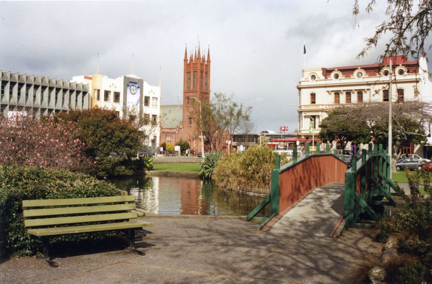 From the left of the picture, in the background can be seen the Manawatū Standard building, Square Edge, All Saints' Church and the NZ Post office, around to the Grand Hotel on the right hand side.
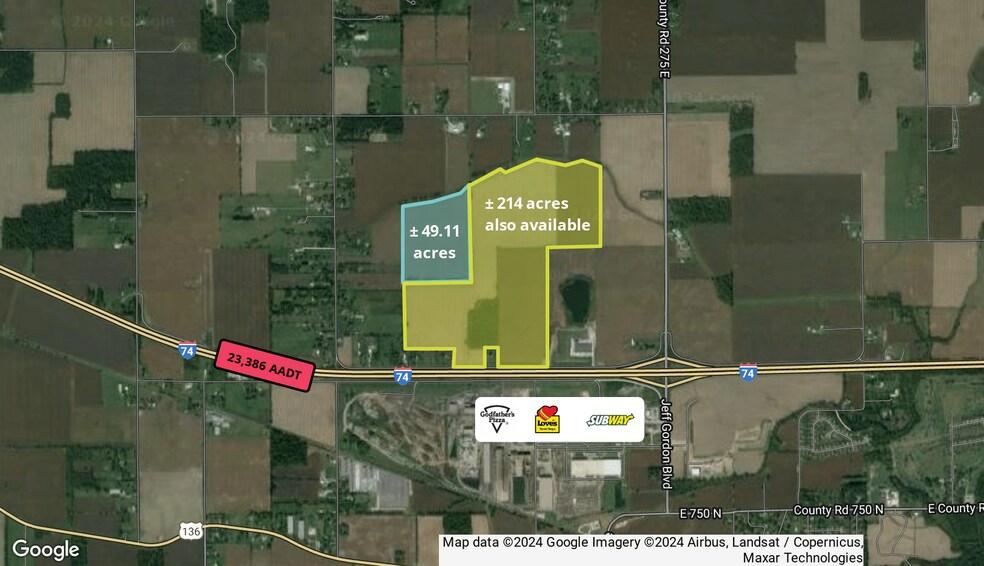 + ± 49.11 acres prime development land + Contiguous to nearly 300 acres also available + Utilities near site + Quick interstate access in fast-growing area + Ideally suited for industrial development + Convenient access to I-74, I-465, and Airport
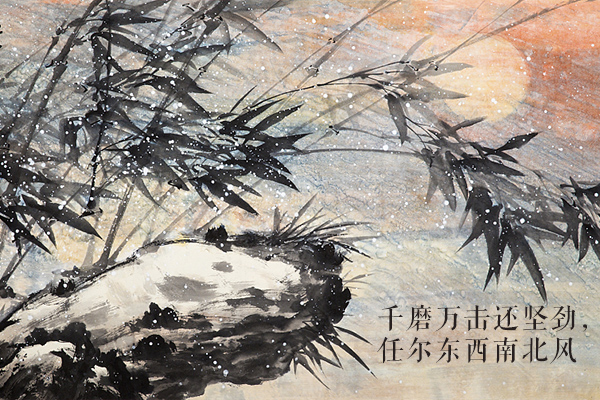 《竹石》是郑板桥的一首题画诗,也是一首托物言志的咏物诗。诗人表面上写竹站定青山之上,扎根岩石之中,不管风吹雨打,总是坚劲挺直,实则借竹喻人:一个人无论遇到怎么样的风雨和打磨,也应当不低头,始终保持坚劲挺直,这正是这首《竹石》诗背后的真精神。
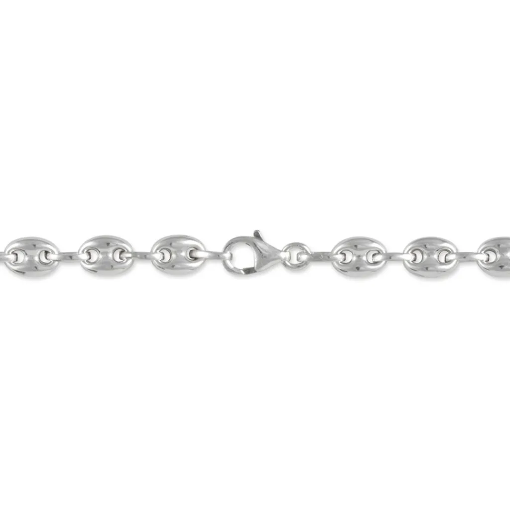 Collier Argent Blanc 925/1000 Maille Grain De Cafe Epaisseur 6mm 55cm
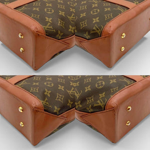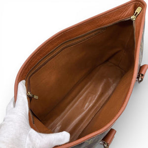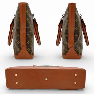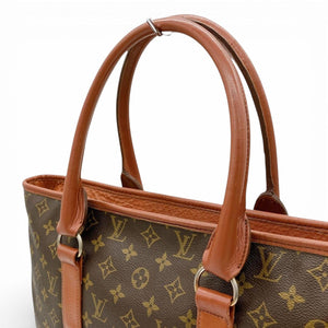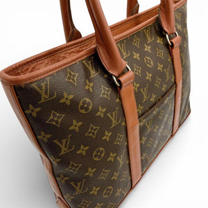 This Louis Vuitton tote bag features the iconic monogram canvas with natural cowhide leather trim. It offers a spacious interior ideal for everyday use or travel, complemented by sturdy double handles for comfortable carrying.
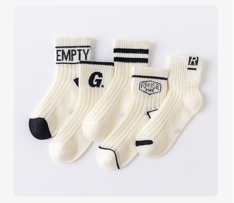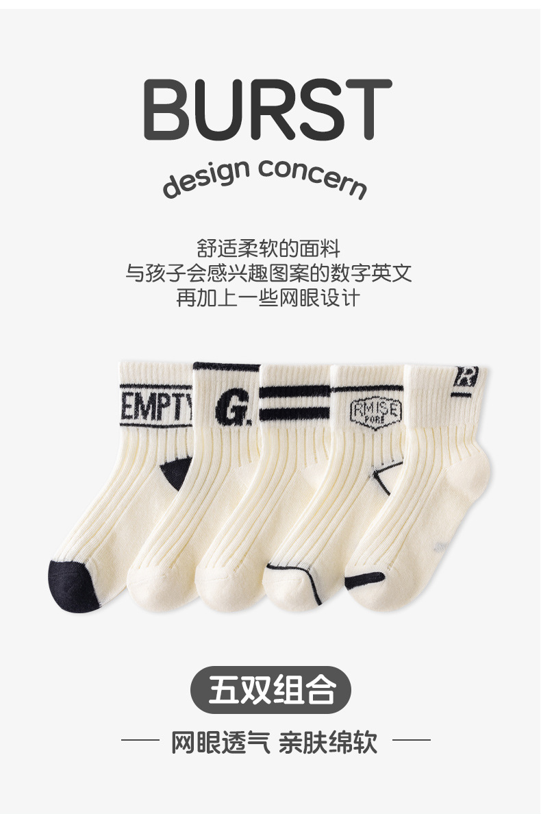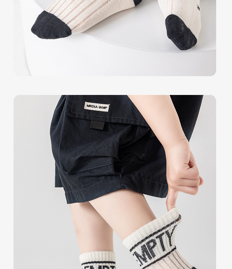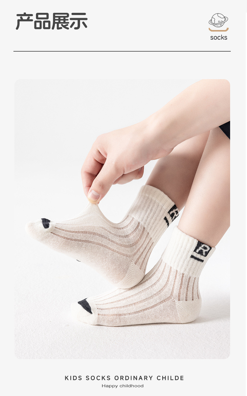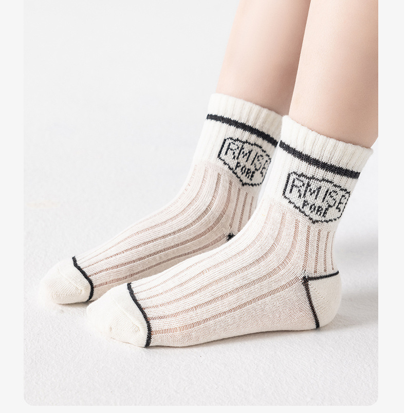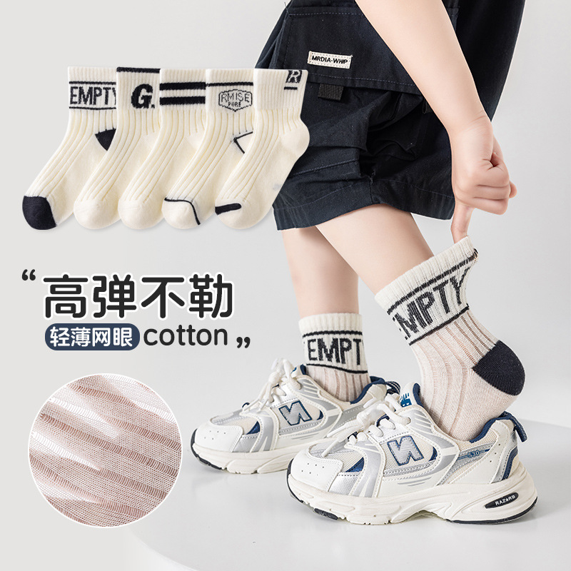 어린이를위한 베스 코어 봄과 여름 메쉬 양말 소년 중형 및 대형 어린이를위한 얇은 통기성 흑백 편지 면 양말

________________

_Work instruction_: Set down every record above exactly as it stands, but skip the pictures.

_Response area_:
 From the left of the picture, in the background can be seen the Manawatū Standard building, Square Edge, All Saints' Church and the NZ Post office, around to the Grand Hotel on the right hand side.
 + ± 49.11 acres prime development land + Contiguous to nearly 300 acres also available + Utilities near site + Quick interstate access in fast-growing area + Ideally suited for industrial development + Convenient access to I-74, I-465, and Airport
 《竹石》是郑板桥的一首题画诗,也是一首托物言志的咏物诗。诗人表面上写竹站定青山之上,扎根岩石之中,不管风吹雨打,总是坚劲挺直,实则借竹喻人:一个人无论遇到怎么样的风雨和打磨,也应当不低头,始终保持坚劲挺直,这正是这首《竹石》诗背后的真精神。
 Collier Argent Blanc 925/1000 Maille Grain De Cafe Epaisseur 6mm 55cm
 This Louis Vuitton tote bag features the iconic monogram canvas with natural cowhide leather trim. It offers a spacious interior ideal for everyday use or travel, complemented by sturdy double handles for comfortable carrying.
 어린이를위한 베스 코어 봄과 여름 메쉬 양말 소년 중형 및 대형 어린이를위한 얇은 통기성 흑백 편지 면 양말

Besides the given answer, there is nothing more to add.